Illumina will pay $9.8 million to settle accusations that products provided to the US government were affected by cybersecurity flaws.

Gene sequencing giant Illumina has agreed to pay $9.8 million to settle accusations that products provided to the US government were affected by cybersecurity vulnerabilities, the Justice Department announced last week.

Illumina has been accused that between 2016 and 2023 it sold to federal agencies genomic sequencing systems that were affected by vulnerabilities. 

The company allegedly also lacked a proper security program and the means to identify and address such vulnerabilities.
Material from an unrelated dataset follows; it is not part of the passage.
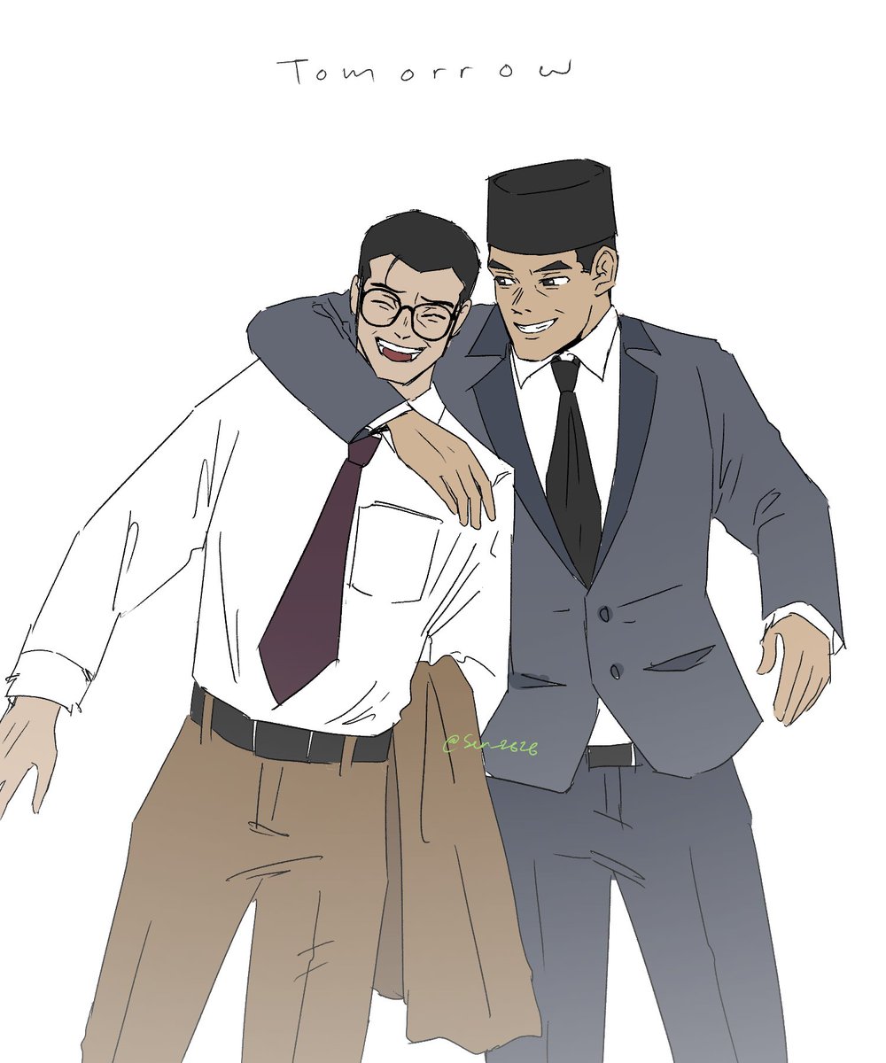 Day 17 - Selamat ulang tahun 🇮🇩 Dirgahayu ke-78 bersama Soekarno, Hatta, Sjahrir, dan fanart dari tokoh manga yang mewakilkan Indonesia. #hwsindonesia #hetalia #ネシアさん生誕祭2023

The government said Illumina failed to incorporate cybersecurity into the lifecycle of its products, failed to allocate sufficient resources to product security, failed to patch design features introducing vulnerabilities, and falsely claimed that its software adhered to cybersecurity standards.

The cybersecurity agency CISA issued an advisory to notify organizations about vulnerabilities in Illumina products, specifically the Local Run Manager, in 2022. The agency warned at the time that the flaws could be exploited by a remote, unauthenticated attacker to take over the product.

In 2023, both CISA and the FDA issued notifications over vulnerabilities in the Universal Copy Service (UCS) component used by several of Illumina’s genetic sequencing instruments, warning that the security holes could allow remote hacking.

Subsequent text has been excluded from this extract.